Таня в ответ улыбнулась. Она подошли к её дому, тоже расположенному в частном секторе. Таня показала рукой.
- Здесь я живу. С родителями. Вон моё окошко. Если не передумал, давай, я вынесу тебе Евангелие.
- Давай.
Она быстро зашла в дом и так же быстро вышла и вынесла ему маленькую книжку цвета хаки, которая называлась “Новый завет”.
- Это Евангелие, Новый завет, - пояснила Таня. - Издаёт одна миссия. Этот экземпляр защитного цвета, наверно, для солдат.
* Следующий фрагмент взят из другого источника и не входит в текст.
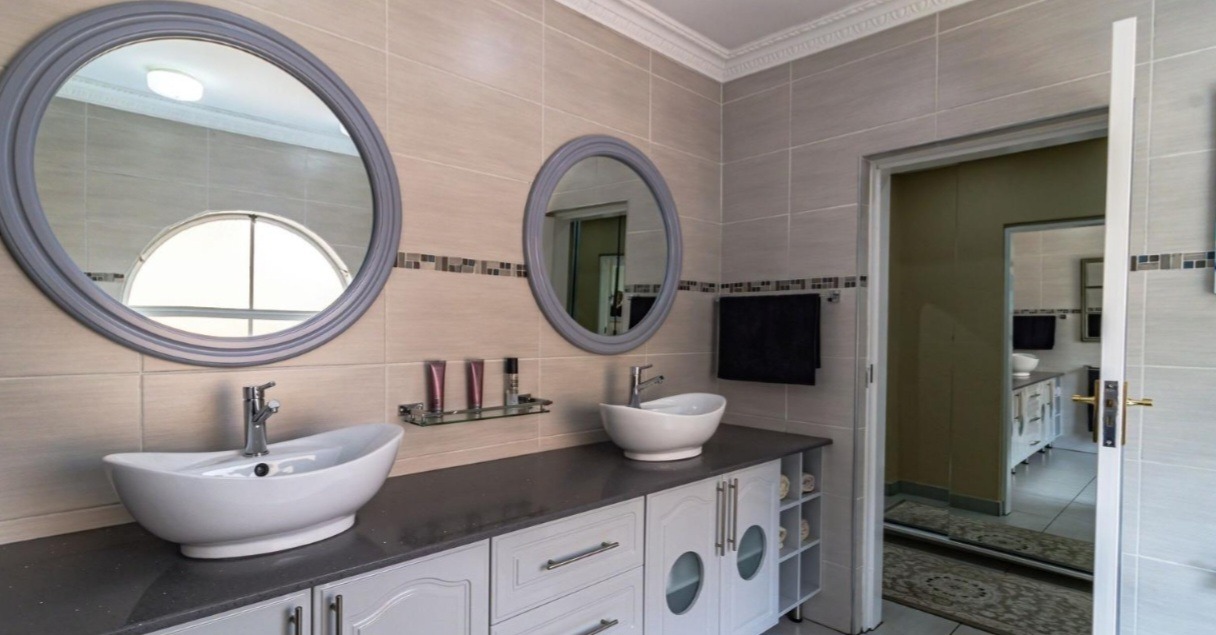 Accommodation comprises five generously proportioned bedrooms, offering private retreats for all occupants. Complementing these are four meticulously maintained bathrooms, ensuring convenience and privacy for a large family or guests. The design prioritises both comfort and practicality.

- Как-будто специально для меня, - грустно сказал Матео.
- Почему?
- Осенью мне восемнадцать, скорее всего заберут. Пойду Родину защищать.
Они попрощались. Тане вдруг стало очень жалко этого парня, когда он сказал, что ему придётся скоро идти в армию. Весной вернулся из армии её брат, брат Евангелины ещё пока служит. Ей казалось всегда, что в армии ребятам тяжело, там их заставляют бегать и терпеть разные трудности. Сами братья называли армию школой жизни.
Вечером Таня сидела возле открытого окна и смотрела на небо, которое в это время всё никак не хочет темнеть. Издалека с площади раздавались гулкие звуки музыки и непонятные из-за расстояния слова ведущего. Часов в одиннадцать начали взлетать салюты и озарять своим разноцветным мерцанием вечерний город. Некоторые были обычные и взлетали не так высоко, а некоторые со свистом взмётывались в самую высь и разлетались множеством огоньков, производя угрожающие мощные взрывы. Таня пыталась проанализировать прошедший день, но почему-то в мыслях почти ничего не было, кроме отдающего усталостью спокойствия. Может, даже день прошёл хорошо? В двенадцатом часу она заснула.
Кто твой друг?
Жизнь продолжалась своим чередом. Таня два раза в неделю ходила на репетиции к сёстрам Гурьевым, потом во время воскресного богослужения они исполняли отработанные гимны. Вся община с умилением восхищалась пением трёх сестричек и некоторые матери с хитрецой кивали своим юным сыновьям, показывая на девушек. Вот, мол, смотри сынок, выбор то есть у тебя, не теряй возможности. Возможно, молодые братья и действительно присматривались, но пока никто ни Таню, ни Евангелину и ни Машу не сватал. Остальная жизнь молодой христианки тоже шла обычно. Единственное, после того знакомства в День города Таню временами стал посещать Матвей Сабашников. Он не мог объяснить Тане, зачем он это делает. Но иногда он подходил к дому Виноградовых и тихонько присвистывал и Таня понимала, что её пришёл посетить её новый друг. В их общении было немного конспирации, ведь Таня сказала Матео, что посещает церковь со строгими правилами и вряд ли родители одобрят её общение с молодым человеком, не посещающим собрания. Она приглашала его на богослужения и часто даже пересказывала, о чём говорили братья проповедники, но он пока не чувствовал себя готовым. Его остальная жизнь протекала в мире сём и он пока не мог чётко выбрать, куда именно его тянет больше. Он был неверующим человеком и всегда признавался в этом Тане. Она же воспринимала их короткие разговоры как возможность рассказать ему что-нибудь о Боге и церкви и не видела в этом какой-то опасности. В общем, и опыта у неё не было в вопросах общения с противоположным полом, потому что в церкви об этом не говорили ничего, кроме редких предупреждений о некой загадочной опасности. Таня доверяла Матео, потому что однажды он защитил её от порыва своего товарища приобнять её за плечи. В её глазах он был человеком пусть и из мира сего, но всё-таки добрым и хорошим. Родителям она пока никак не рассказывала о своей необычной дружбе. Они были постоянно заняты работой и бытовыми трудами и Таня их не нагружала своими вопросами.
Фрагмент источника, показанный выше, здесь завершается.